= James Hervey-Bathurst =

British businessman and landowner (born 1949)

James Felton Somers Hervey-Bathurst (born 8 December 1949) is a British businessman and landowner.

==Biography==
Hervey-Bathurst is the son of Major Benjamin Hervey-Bathurst OBE and Hon. Elizabeth Somers Cocks, the only daughter and heiress of Arthur Somers Cocks, 6th Baron Somers. He was educated at Eton College and Trinity College, Cambridge. He rowed in the 1970 & 1971 Boat Race for Cambridge University.

Through his mother, Hervey-Bathurst inherited Eastnor Castle and estate in 1988.

He has subsequently been closely involved in historic architecture and cultural heritage preservation in Britain. Since 2006 he has been vice-president of European Historic Houses. Between 2009 and 2013 he was a chairman of the World Monuments Fund (UK). He was president of the Historic Houses Association from 2004 to 2008. He also worked as a consultant in heritage and taxation for Christie's. In 2009 he was invested as a Commander of the Order of the British Empire in recognition of services to national heritage. In 2008 he was appointed a Deputy Lieutenant of Herefordshire and in July 2019 he was appointed High Sheriff of Herefordshire for a one year term.

As of 2020, he was listed as Chairman of the Heritage Fuels Alliance, a Trustee of Longleat International and a Trustee of Bathurst Estate Holdings.
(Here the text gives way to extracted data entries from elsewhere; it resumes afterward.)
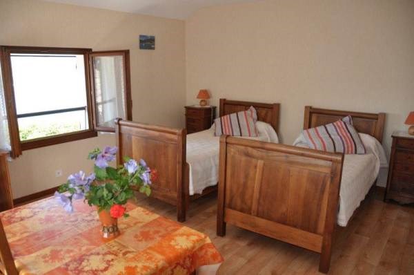 - Upstairs room: 22.50 m² south and west facing, 2 windows: 2 beds of 90 x 190, with two pillows per person and a pillow, blankets, closet, dresser and tables, sink, floor lino way parquet.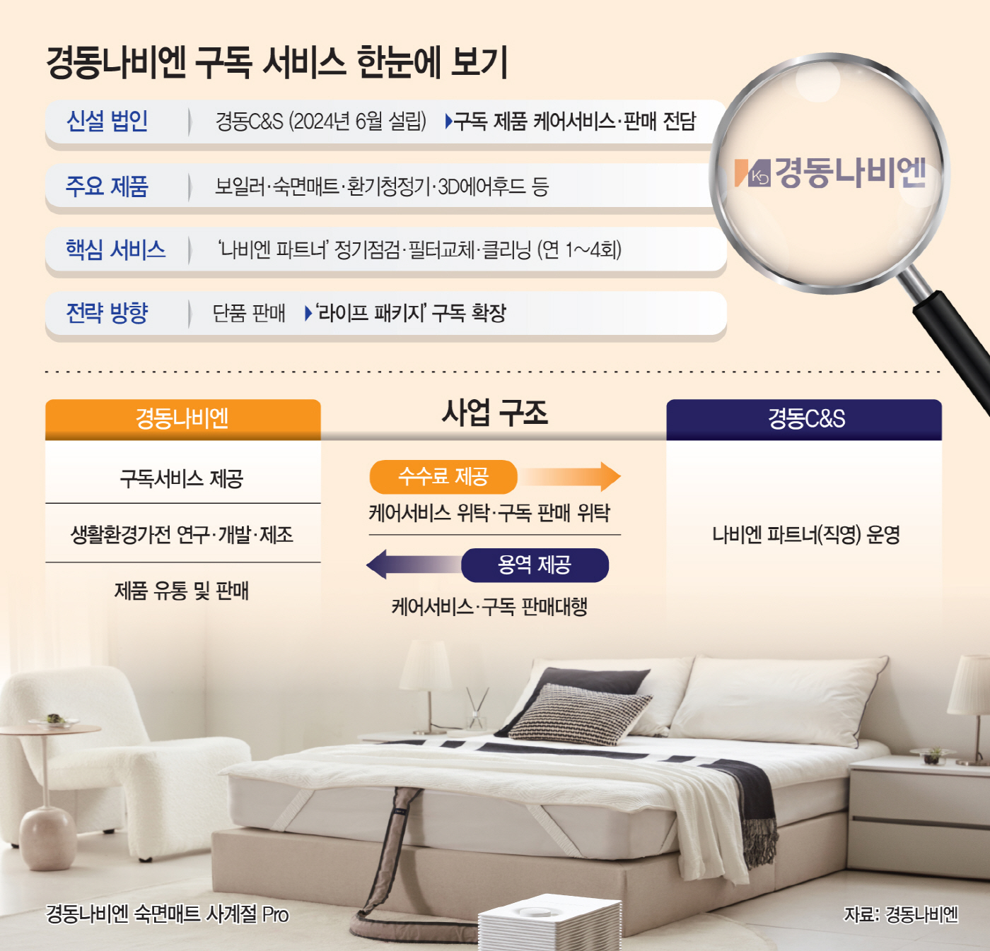 15일 업계에 따르면 경동나비엔은 지난 6월 100% 현금 출자 방식으로 자회사 경동C&S를 설립했다. 모회사가 연구개발(R&D)과 제조에 집중하는 동안, 경동C&S는 구독 제품의 케어 서비스와 판매 대행을 전담한다. 구독 사업 전반의 효율성을 높이고 고객 접점을 강화하기 위한 조치로 풀이된다.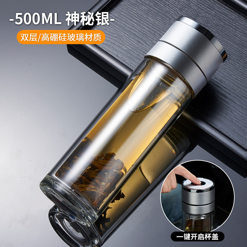 • [미스테리어스 실버] 대형 사이즈 + 선물박스 + 브러쉬 - 이중유리 물컵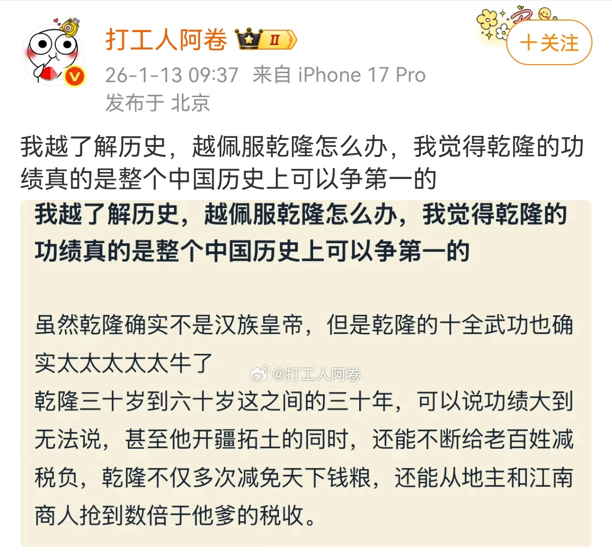 乾隆历史功绩第一?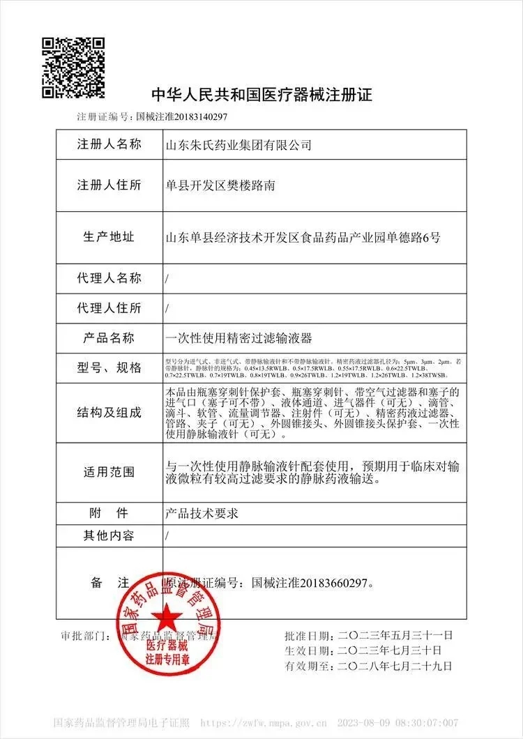 适用范围/预期用途:与一次性使用静脉输液针配套使用,预期用于临床对输液微粒有较高过滤要求的静脉药液输送。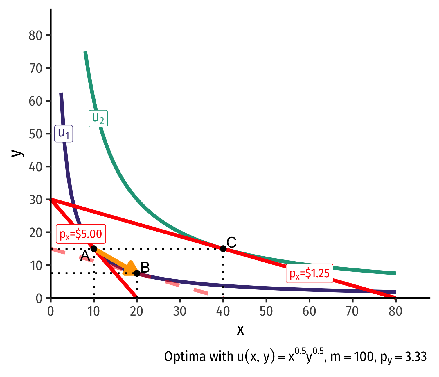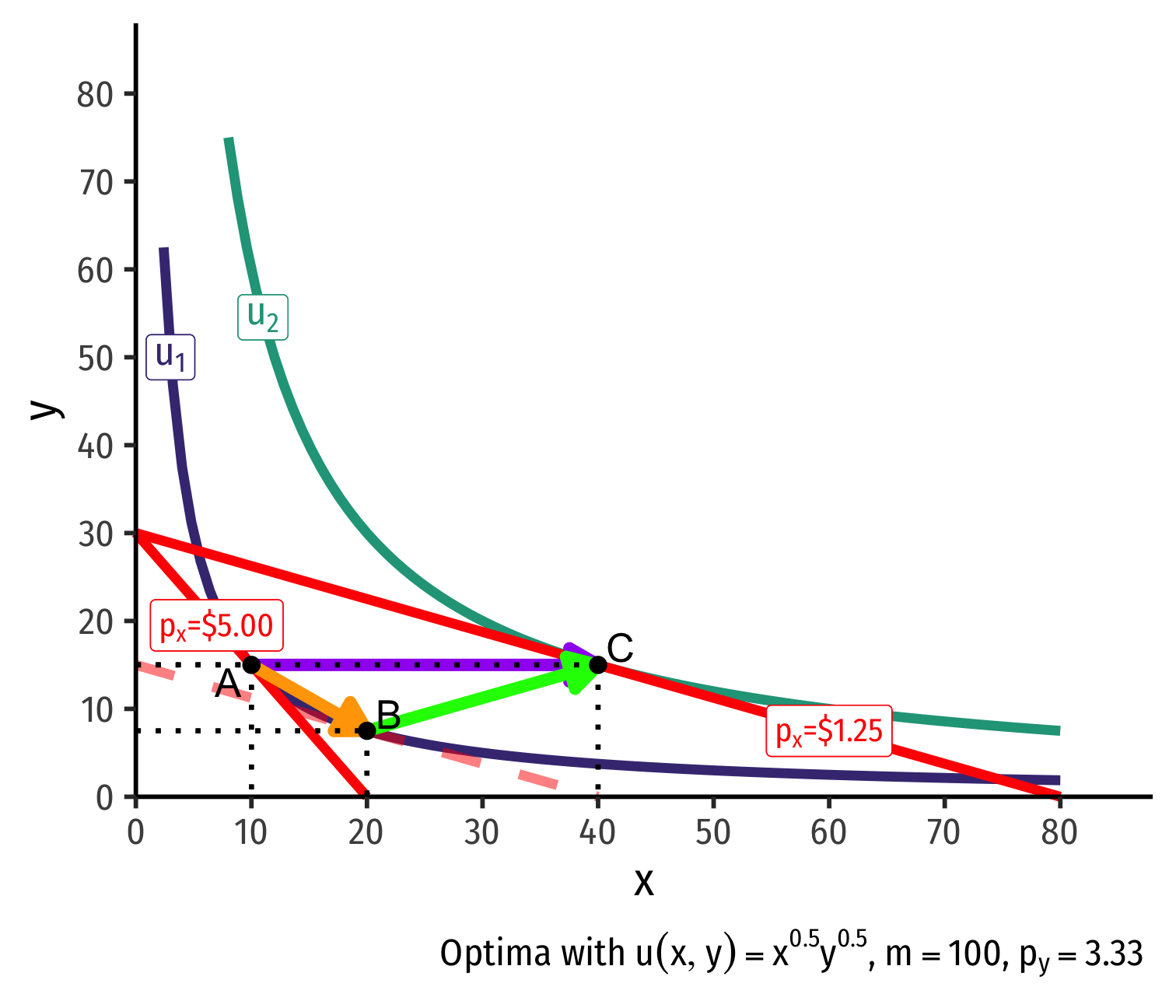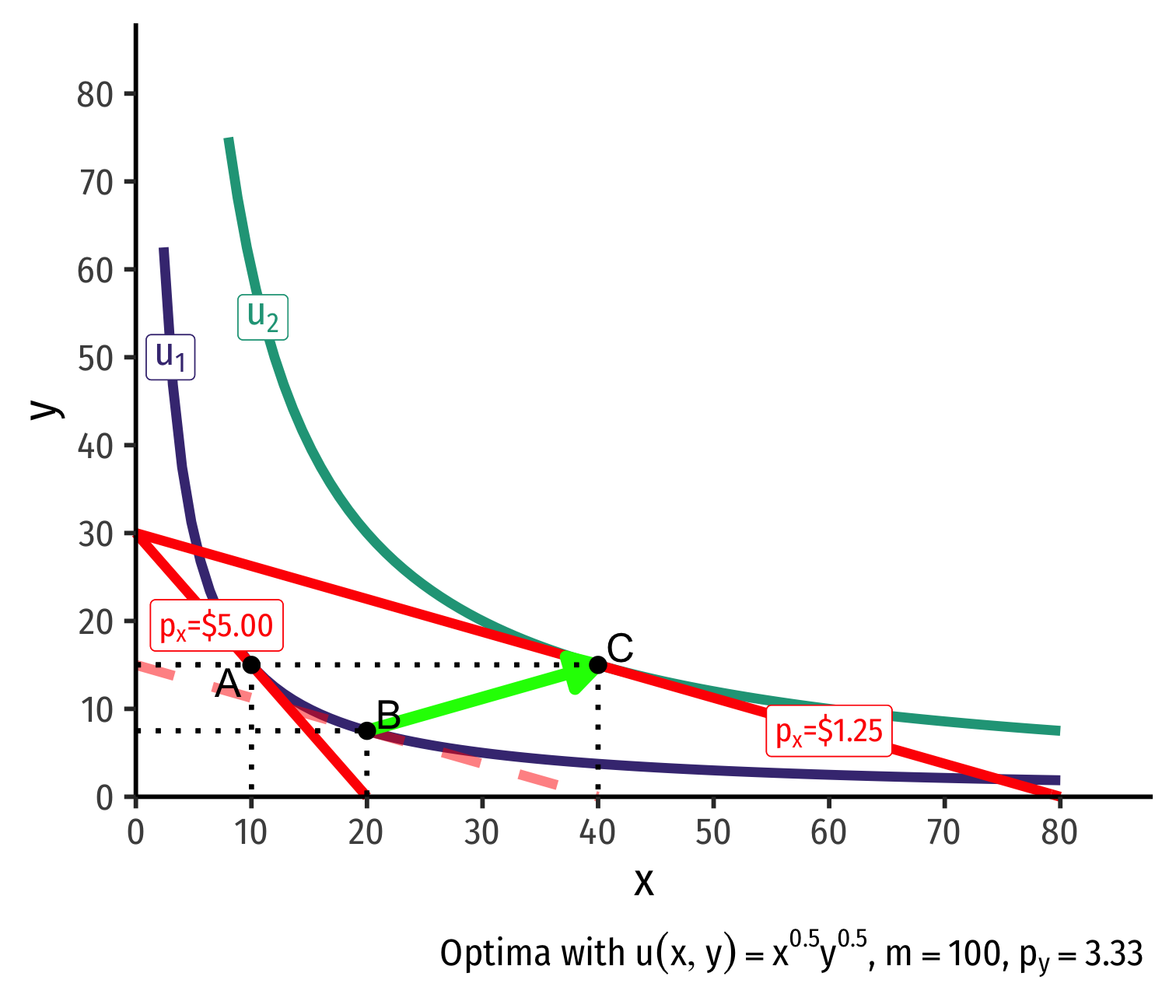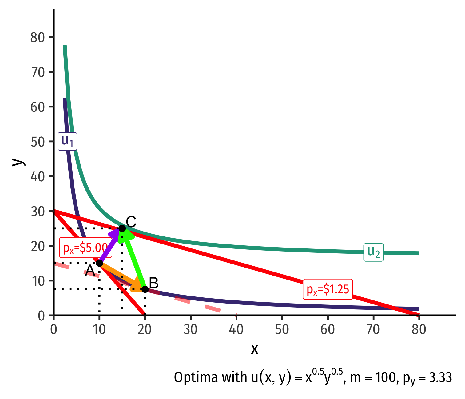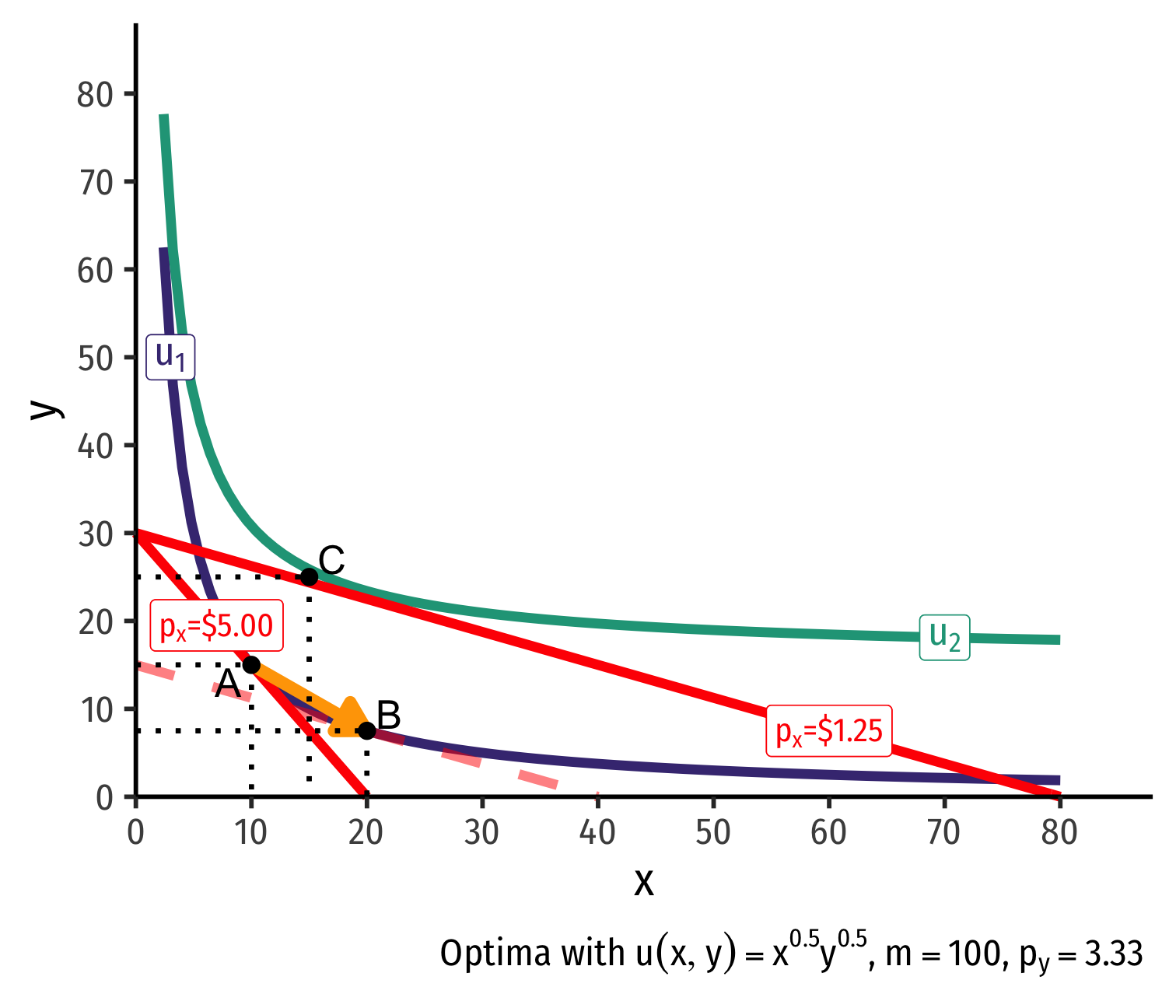 (Real) income effect: B→C to new budget constraint (can buy more of x and/or y)

He was also a Director of Eastnor Castle Estates Company which was formed in 1940.

===Marriages and family===
He married, firstly, Hon. Sarah Peake, a daughter of Martin Peake, 2nd Viscount Ingleby, on 25 September 1982. They had three daughters but separated in 2002. He married, secondly, Lucy Manners, with whom he has had two daughters.